Word for word, set down the records and skip each picture.

+++ SUPPLIED INFORMATION

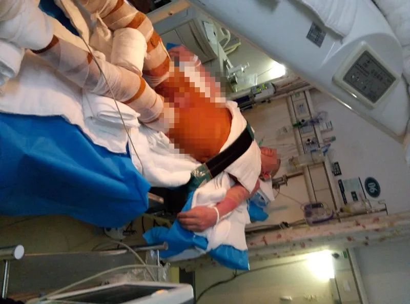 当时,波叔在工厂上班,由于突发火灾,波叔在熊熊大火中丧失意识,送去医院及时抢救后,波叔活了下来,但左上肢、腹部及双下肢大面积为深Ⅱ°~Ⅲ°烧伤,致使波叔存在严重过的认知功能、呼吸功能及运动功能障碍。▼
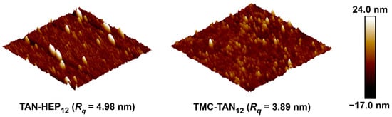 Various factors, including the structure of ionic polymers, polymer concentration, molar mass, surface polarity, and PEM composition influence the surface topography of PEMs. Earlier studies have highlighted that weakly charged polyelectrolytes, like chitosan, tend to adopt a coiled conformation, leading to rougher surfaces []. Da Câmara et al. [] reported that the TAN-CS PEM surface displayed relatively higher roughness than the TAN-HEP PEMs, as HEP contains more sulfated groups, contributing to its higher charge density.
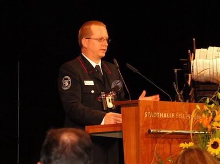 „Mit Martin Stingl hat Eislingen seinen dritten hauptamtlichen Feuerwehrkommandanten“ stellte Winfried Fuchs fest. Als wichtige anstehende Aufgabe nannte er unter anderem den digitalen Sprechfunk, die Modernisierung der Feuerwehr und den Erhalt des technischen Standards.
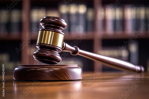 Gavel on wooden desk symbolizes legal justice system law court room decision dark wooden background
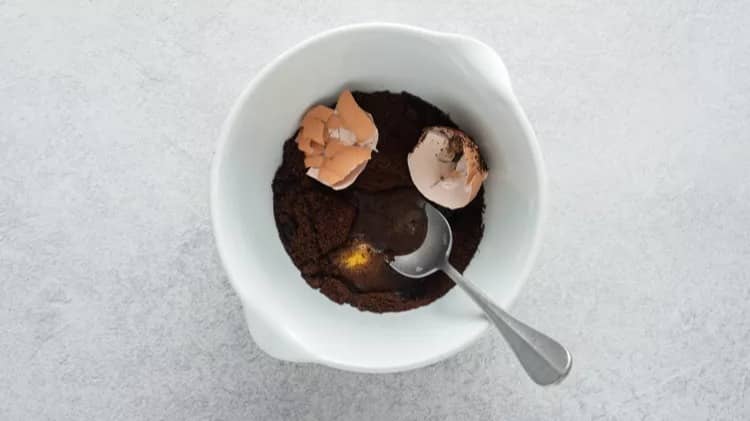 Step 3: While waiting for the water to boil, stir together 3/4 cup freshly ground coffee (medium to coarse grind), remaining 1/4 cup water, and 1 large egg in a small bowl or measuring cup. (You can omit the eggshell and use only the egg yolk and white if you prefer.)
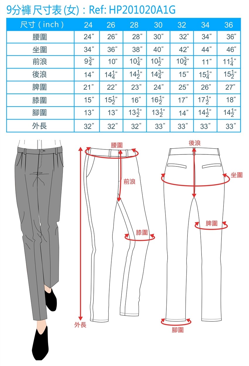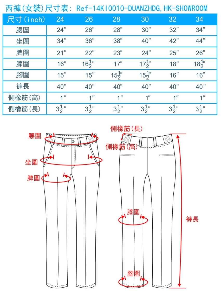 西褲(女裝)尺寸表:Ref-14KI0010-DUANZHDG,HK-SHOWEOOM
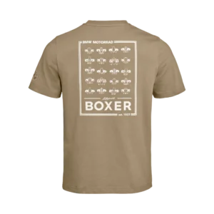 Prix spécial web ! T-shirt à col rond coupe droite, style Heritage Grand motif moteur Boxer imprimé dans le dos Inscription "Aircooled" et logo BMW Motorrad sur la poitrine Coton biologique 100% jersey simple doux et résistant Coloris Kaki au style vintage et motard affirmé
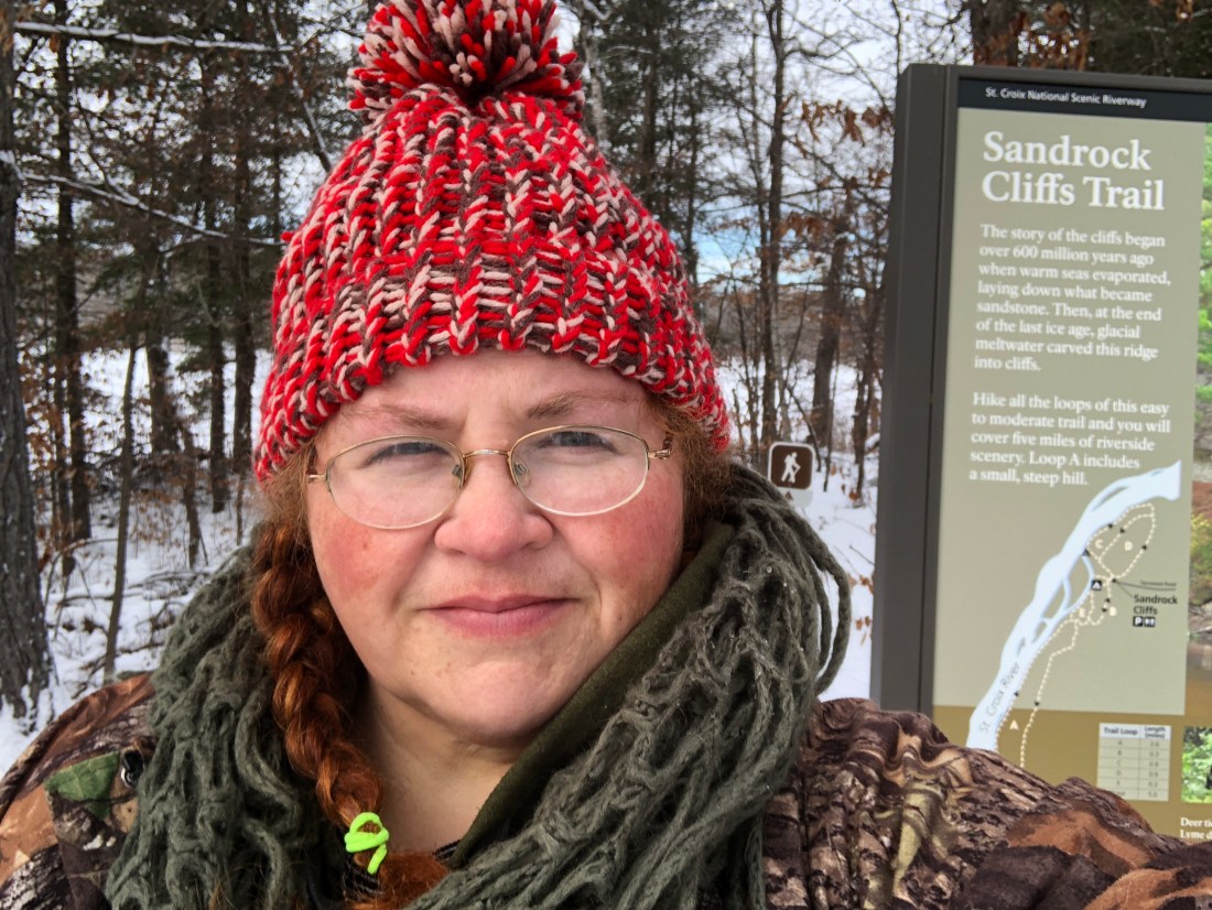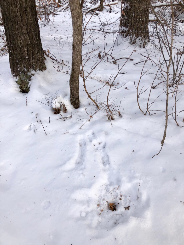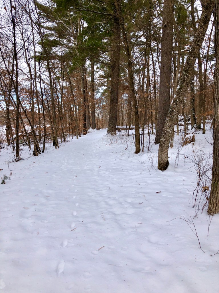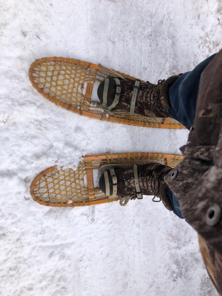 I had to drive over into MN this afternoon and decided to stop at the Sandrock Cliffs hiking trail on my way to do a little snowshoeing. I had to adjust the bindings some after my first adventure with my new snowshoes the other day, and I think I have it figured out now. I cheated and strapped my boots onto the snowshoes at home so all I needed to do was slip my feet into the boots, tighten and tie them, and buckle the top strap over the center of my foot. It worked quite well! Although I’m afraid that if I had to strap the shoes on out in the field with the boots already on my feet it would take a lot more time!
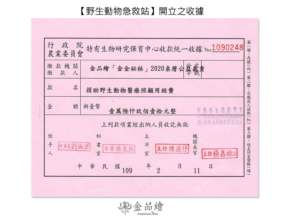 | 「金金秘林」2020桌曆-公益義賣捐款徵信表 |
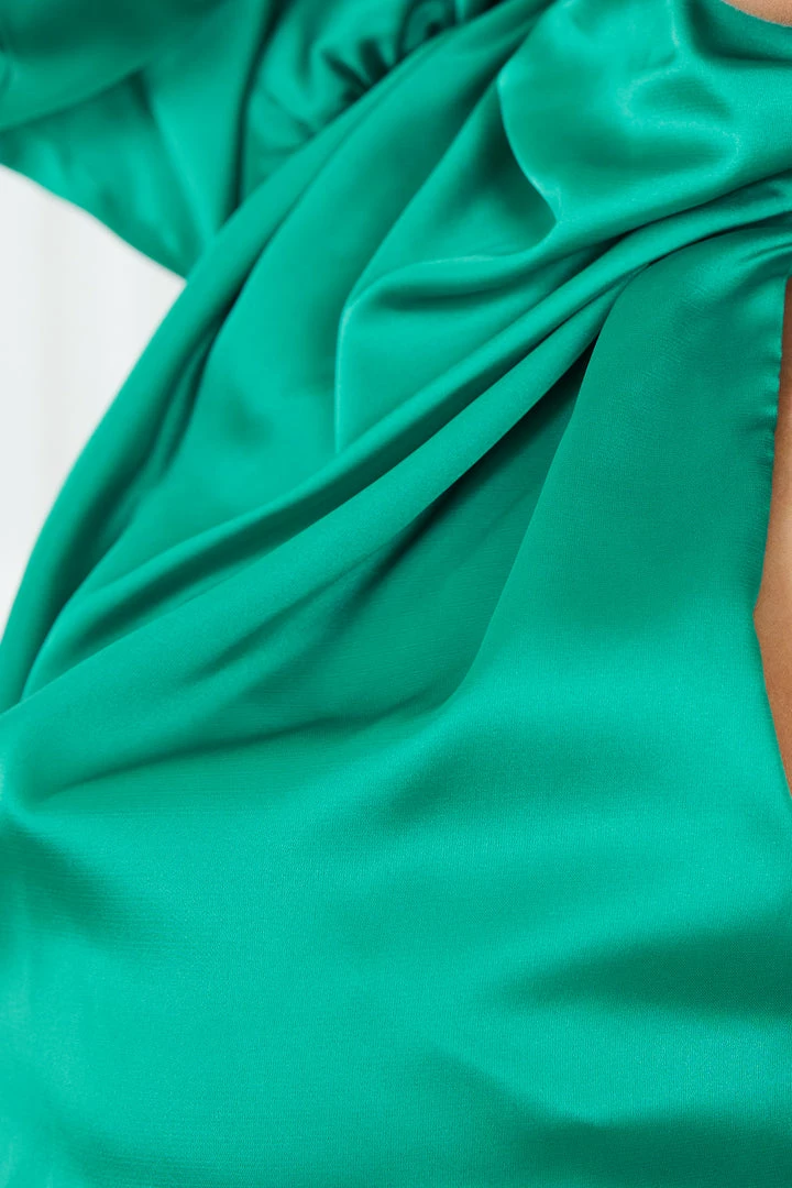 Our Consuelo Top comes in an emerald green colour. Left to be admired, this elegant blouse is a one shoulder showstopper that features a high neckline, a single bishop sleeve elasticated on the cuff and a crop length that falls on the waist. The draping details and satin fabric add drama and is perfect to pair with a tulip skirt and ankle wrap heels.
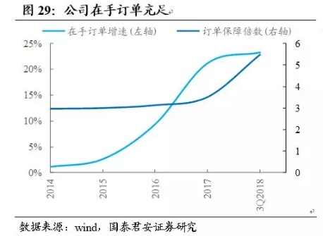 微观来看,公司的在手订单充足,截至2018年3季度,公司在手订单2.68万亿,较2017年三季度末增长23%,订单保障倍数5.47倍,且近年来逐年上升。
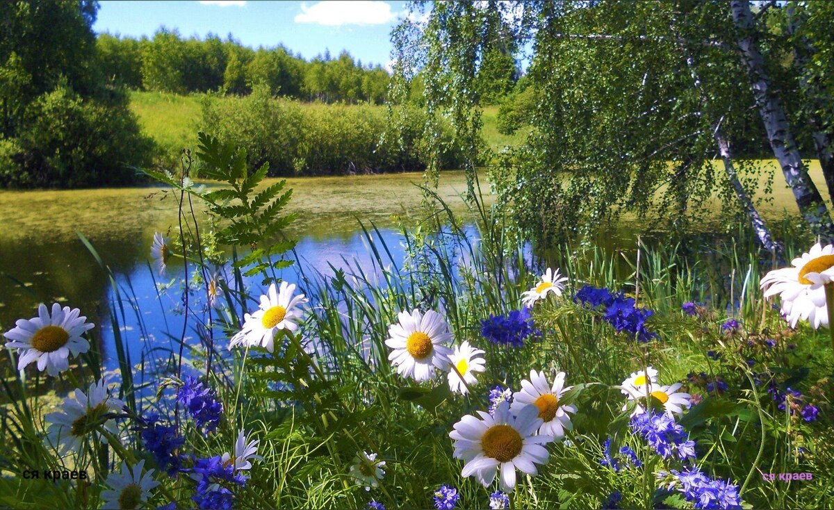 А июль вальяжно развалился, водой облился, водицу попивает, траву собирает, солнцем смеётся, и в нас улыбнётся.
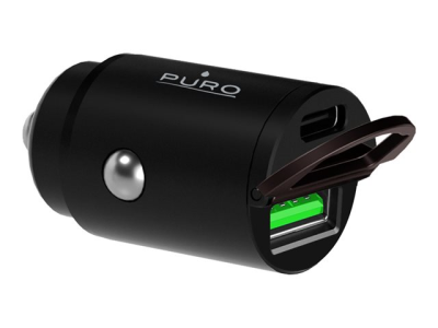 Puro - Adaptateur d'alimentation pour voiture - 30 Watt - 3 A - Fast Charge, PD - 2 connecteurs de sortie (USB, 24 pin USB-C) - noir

++++++

→ RESPONSE FOR THIS EXERCISE:
 当时,波叔在工厂上班,由于突发火灾,波叔在熊熊大火中丧失意识,送去医院及时抢救后,波叔活了下来,但左上肢、腹部及双下肢大面积为深Ⅱ°~Ⅲ°烧伤,致使波叔存在严重过的认知功能、呼吸功能及运动功能障碍。▼
 Various factors, including the structure of ionic polymers, polymer concentration, molar mass, surface polarity, and PEM composition influence the surface topography of PEMs. Earlier studies have highlighted that weakly charged polyelectrolytes, like chitosan, tend to adopt a coiled conformation, leading to rougher surfaces []. Da Câmara et al. [] reported that the TAN-CS PEM surface displayed relatively higher roughness than the TAN-HEP PEMs, as HEP contains more sulfated groups, contributing to its higher charge density.
 „Mit Martin Stingl hat Eislingen seinen dritten hauptamtlichen Feuerwehrkommandanten“ stellte Winfried Fuchs fest. Als wichtige anstehende Aufgabe nannte er unter anderem den digitalen Sprechfunk, die Modernisierung der Feuerwehr und den Erhalt des technischen Standards.
 Gavel on wooden desk symbolizes legal justice system law court room decision dark wooden background
 Step 3: While waiting for the water to boil, stir together 3/4 cup freshly ground coffee (medium to coarse grind), remaining 1/4 cup water, and 1 large egg in a small bowl or measuring cup. (You can omit the eggshell and use only the egg yolk and white if you prefer.)
 西褲(女裝)尺寸表:Ref-14KI0010-DUANZHDG,HK-SHOWEOOM
 Prix spécial web ! T-shirt à col rond coupe droite, style Heritage Grand motif moteur Boxer imprimé dans le dos Inscription "Aircooled" et logo BMW Motorrad sur la poitrine Coton biologique 100% jersey simple doux et résistant Coloris Kaki au style vintage et motard affirmé
 I had to drive over into MN this afternoon and decided to stop at the Sandrock Cliffs hiking trail on my way to do a little snowshoeing. I had to adjust the bindings some after my first adventure with my new snowshoes the other day, and I think I have it figured out now. I cheated and strapped my boots onto the snowshoes at home so all I needed to do was slip my feet into the boots, tighten and tie them, and buckle the top strap over the center of my foot. It worked quite well! Although I’m afraid that if I had to strap the shoes on out in the field with the boots already on my feet it would take a lot more time!
 | 「金金秘林」2020桌曆-公益義賣捐款徵信表 |
 Our Consuelo Top comes in an emerald green colour. Left to be admired, this elegant blouse is a one shoulder showstopper that features a high neckline, a single bishop sleeve elasticated on the cuff and a crop length that falls on the waist. The draping details and satin fabric add drama and is perfect to pair with a tulip skirt and ankle wrap heels.
 微观来看,公司的在手订单充足,截至2018年3季度,公司在手订单2.68万亿,较2017年三季度末增长23%,订单保障倍数5.47倍,且近年来逐年上升。
 А июль вальяжно развалился, водой облился, водицу попивает, траву собирает, солнцем смеётся, и в нас улыбнётся.
 Puro - Adaptateur d'alimentation pour voiture - 30 Watt - 3 A - Fast Charge, PD - 2 connecteurs de sortie (USB, 24 pin USB-C) - noir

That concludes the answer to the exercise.